━━ GIVEN INFORMATION
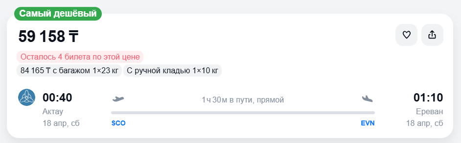 Стоимость билетов на сегодняшний день в один конец составляет 59 158 тенге.
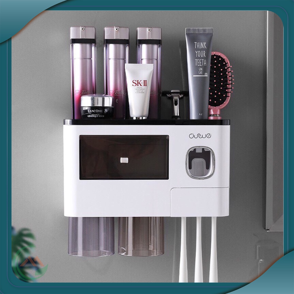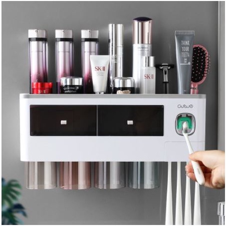 Bộ kệ nhà tắm tiện dụng dán tường đựng cốc bàn chải kết hợp nhả kem tự động tiện lợi, thông mình loại 2,3,4 cốc
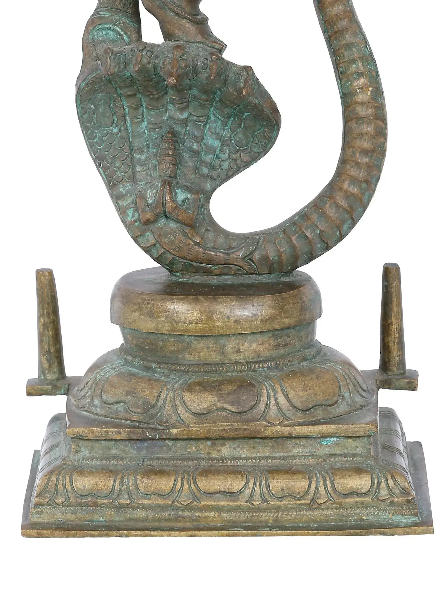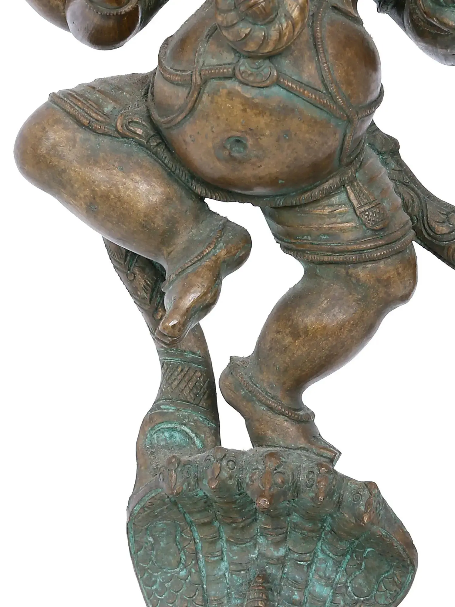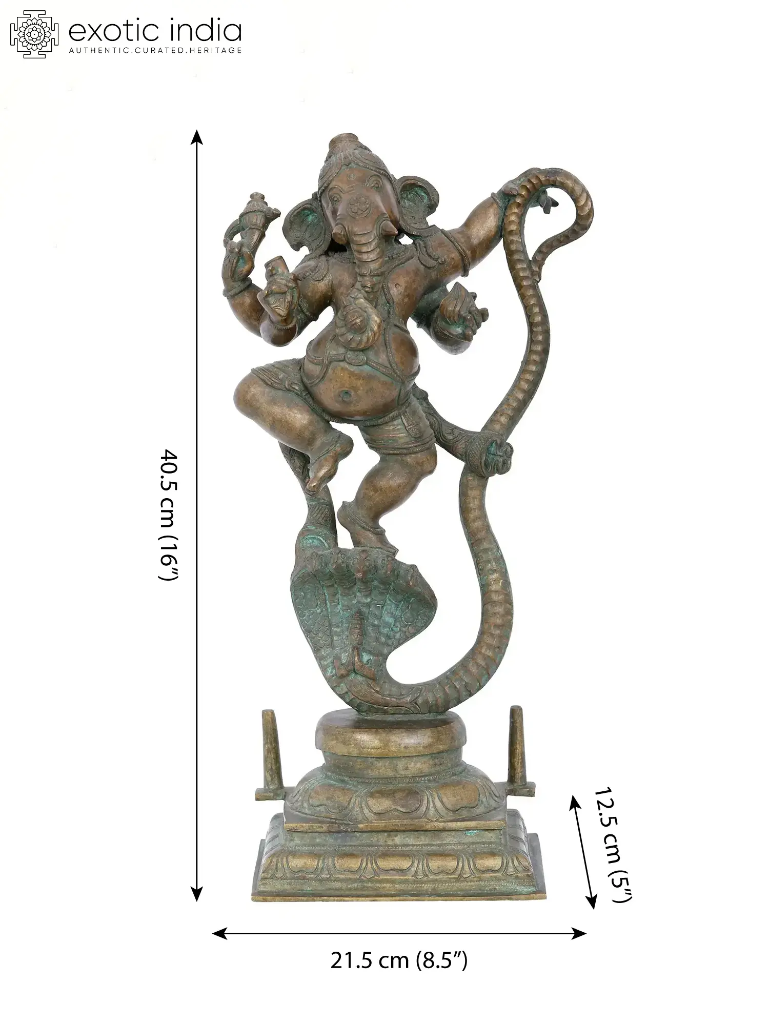 This mesmerising statue, crafted in Panchaloha Bronze from Swamimalai, using the ancient “Madhuchista Vidhana (Lost-Wax) technique”, captures Lord Ganesha, “the harbinger of auspicious beginnings”, in a cosmic dance upon a five-hooded serpent, embodying divine ecstasy. With a blend of elegance and power, Ganesha, “the Lord of the Lords”, wields a goad, the symbol of wisdom, his broken tusk, and a Modak, a sweet offering to the universe. The swirling dance becomes a cosmic ballet, each movement an ode to creation and destruction. This form of Ganesha signifies the harmonious balance of life’s dualities, the dance of joy within challenges, and the eternal rhythm of the universe conducted by the benevolent Lord.
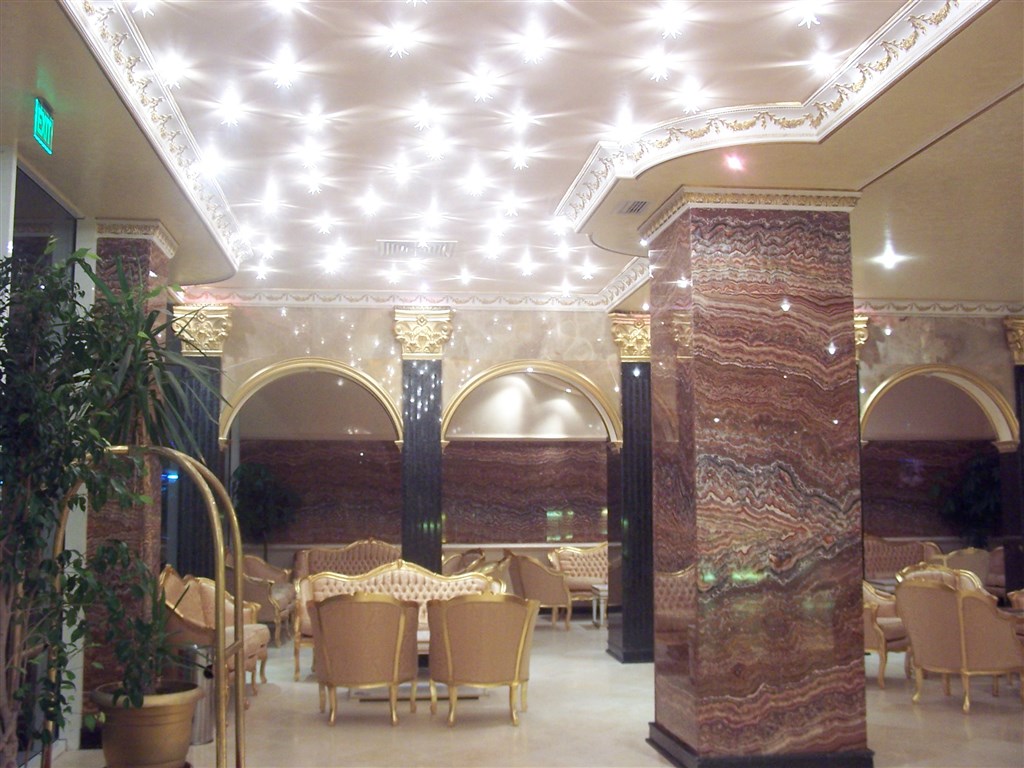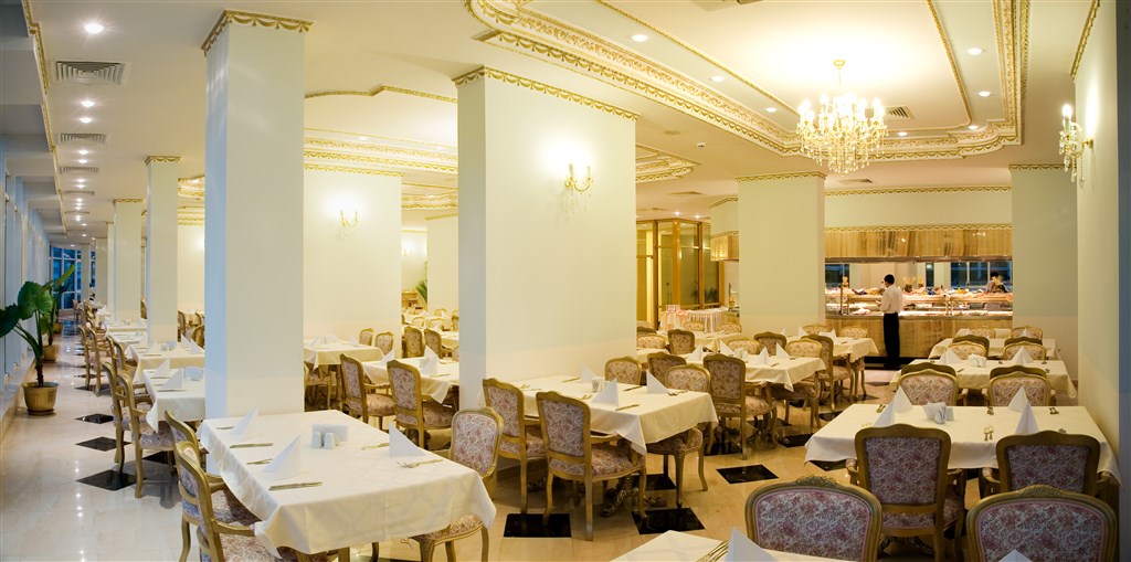 Vybavení: Pro hotelové hosty je zde vstupní hala s recepcí, výtahy, směnárna, trezor na recepci, Wi-fi připojení ve společných prostorech zdarma, hlavní restaurace, lobby bar, snack bar, konferenční místnosti, venkovní bazén s lehátky a slunečníky, dětská část bazénu, hotelový animační program, stolní tenis, fitness, vířivka, salon krásy, počítačové hry, Spa služby, půjčovna automobilů, parkoviště.
━━━━
• **WHAT YOU SHOULD DO**
Take the whole listing above and copy it exactly. Pictures do not go into the copy.

• **ANSWER SPACE**
 Стоимость билетов на сегодняшний день в один конец составляет 59 158 тенге.
 Bộ kệ nhà tắm tiện dụng dán tường đựng cốc bàn chải kết hợp nhả kem tự động tiện lợi, thông mình loại 2,3,4 cốc
 This mesmerising statue, crafted in Panchaloha Bronze from Swamimalai, using the ancient “Madhuchista Vidhana (Lost-Wax) technique”, captures Lord Ganesha, “the harbinger of auspicious beginnings”, in a cosmic dance upon a five-hooded serpent, embodying divine ecstasy. With a blend of elegance and power, Ganesha, “the Lord of the Lords”, wields a goad, the symbol of wisdom, his broken tusk, and a Modak, a sweet offering to the universe. The swirling dance becomes a cosmic ballet, each movement an ode to creation and destruction. This form of Ganesha signifies the harmonious balance of life’s dualities, the dance of joy within challenges, and the eternal rhythm of the universe conducted by the benevolent Lord.
 Vybavení: Pro hotelové hosty je zde vstupní hala s recepcí, výtahy, směnárna, trezor na recepci, Wi-fi připojení ve společných prostorech zdarma, hlavní restaurace, lobby bar, snack bar, konferenční místnosti, venkovní bazén s lehátky a slunečníky, dětská část bazénu, hotelový animační program, stolní tenis, fitness, vířivka, salon krásy, počítačové hry, Spa služby, půjčovna automobilů, parkoviště.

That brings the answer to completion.